KubeFlow 1.2.0部署(Ubuntu20.04 + k8s 1.21.0)

Kubeflow 部署(使用 kfctl_k8s_istio)

安裝 Kubeflow的一些指南(使用 kfctl_k8s_istio 配置部署到已有的Kubernetes集羣中)。該配置清單創建Kubeflow的核心部件部署,但不包括外部依賴,可以根據您的環境需要進行優化。KubeFlow 1.2.0部署到Ubuntu20.04和k8s 1.21.0,其它平臺可能有些變化。

前期工作

該Kubeflow deployment要求 StorageClass 支持 dynamic volume provisioner。確認缺省的StorageClass的 provisioner 域的設置。如果換沒有 provisioner, 確保配置了 volume provisioning,按照下面的描述在 Kubernetes cluster 進行設置(參考 below)。

Kubeflow依賴Istio的安裝,參考:

使用 kfctl_k8s_istio.v1.2.0.yaml 配置安裝,需要考慮下面的選項:

  • Disabling istio installation - 如果 Kubernetes cluster 已有 Istio 安裝,可以選擇不安裝Istio,通過一移除配置文件kfctl_k8s_istio.v1.0.2.yaml中的 istio-crdsistio-install 參數。

準備環境

下載 kfctl 的 Kubeflow CLI 工具,然後手動設置環境變量:

wget https://github.com/kubeflow/kfctl/releases/download/v1.2.0/kfctl_v1.2.0-0-gbc038f9_linux.tar.gz

tar -vxf kfctl_v1.2.0-0-gbc038f9_linux.tar.gz

sudo cp kfctl /usr/bin/
  • 創建環境變量,簡化部署過程:
# The following command is optional. It adds the kfctl binary to your path.
# If you don't add kfctl to your path, you must use the full path
# each time you run kfctl.
# Use only alphanumeric characters or - in the directory name.
export PATH=$PATH:"<path-to-kfctl>"

##實際如下:
##export PATH=$PATH:"/home/supermap/openthings/kubeflow"

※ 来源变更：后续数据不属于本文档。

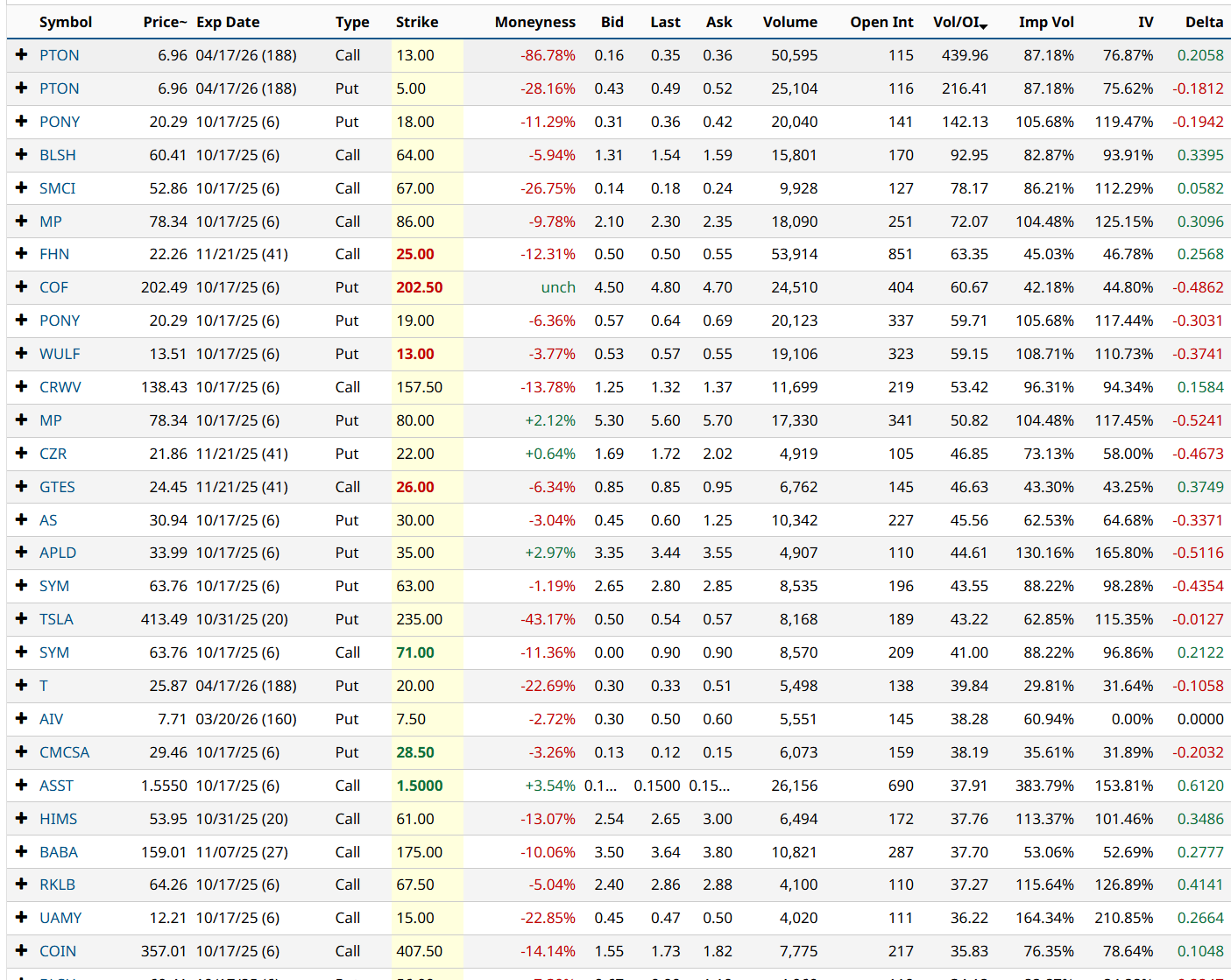 PTON, SMCI, CRWV, TSLA, BABA and COIN all experienced unusual options activity last week.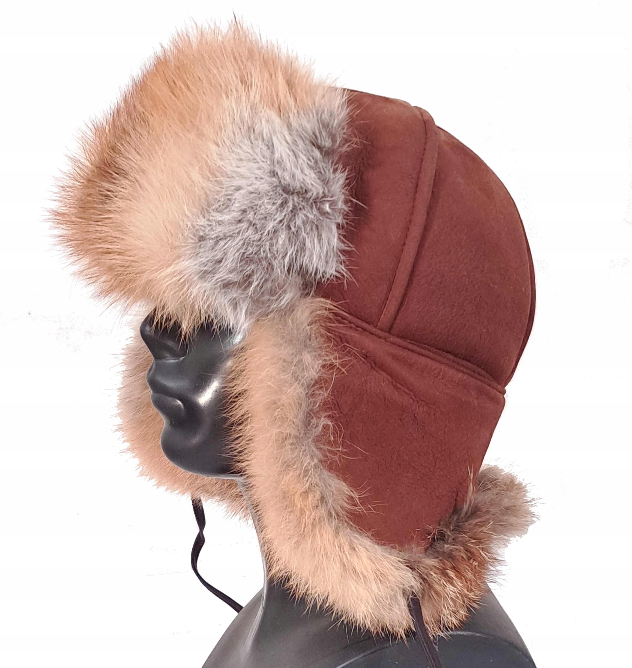 CZAPKA DAMSKA ZIMOWA PILOTKA LIS RUDY Naturalny 57

# Set KF_NAME to the name of your Kubeflow deployment. You also use this
# value as directory name when creating your configuration directory.
# For example, your deployment name can be 'my-kubeflow' or 'kf-test'.
export KF_NAME=<your choice of name for the Kubeflow deployment>

##實際如下:
##export KF_NAME="kubeflow"

# Set the path to the base directory where you want to store one or more 
# Kubeflow deployments. For example, /opt/.
# Then set the Kubeflow application directory for this deployment.
export BASE_DIR=<path to a base directory>
export KF_DIR=${BASE_DIR}/${KF_NAME}

##實際如下:
##export BASE_DIR="/home/supermap/openthings/"
##export KF_DIR=${BASE_DIR}/${KF_NAME}

# Set the configuration file to use when deploying Kubeflow.
# The following configuration installs Istio by default. Comment out 
# the Istio components in the config file to skip Istio installation. 
# See https://github.com/kubeflow/kubeflow/pull/3663
export CONFIG_URI="https://raw.githubusercontent.com/kubeflow/manifests/v1.2-branch/kfdef/kfctl_k8s_istio.v1.2.0.yaml"

##實際如下:
##export CONFIG_URI=${BASE_DIR}/${KF_NAME}/kfctl_k8s_istio.v1.2.0.yaml

注意:

  • ${KF_NAME} -  Kubeflow 部署的名稱。如果要定製部署的 deployment name,通過該參數指定。例如, my-kubeflowkf-test。該 KF_NAME 必須小寫字母或者 ‘-', 開始和結束必須爲字母。該變量不能超過 25 個字符。只能包含名稱,不能包含目錄路徑。同時將作爲創建目錄的名稱,用於保存 Kubeflow configurations,即Kubeflow application directory。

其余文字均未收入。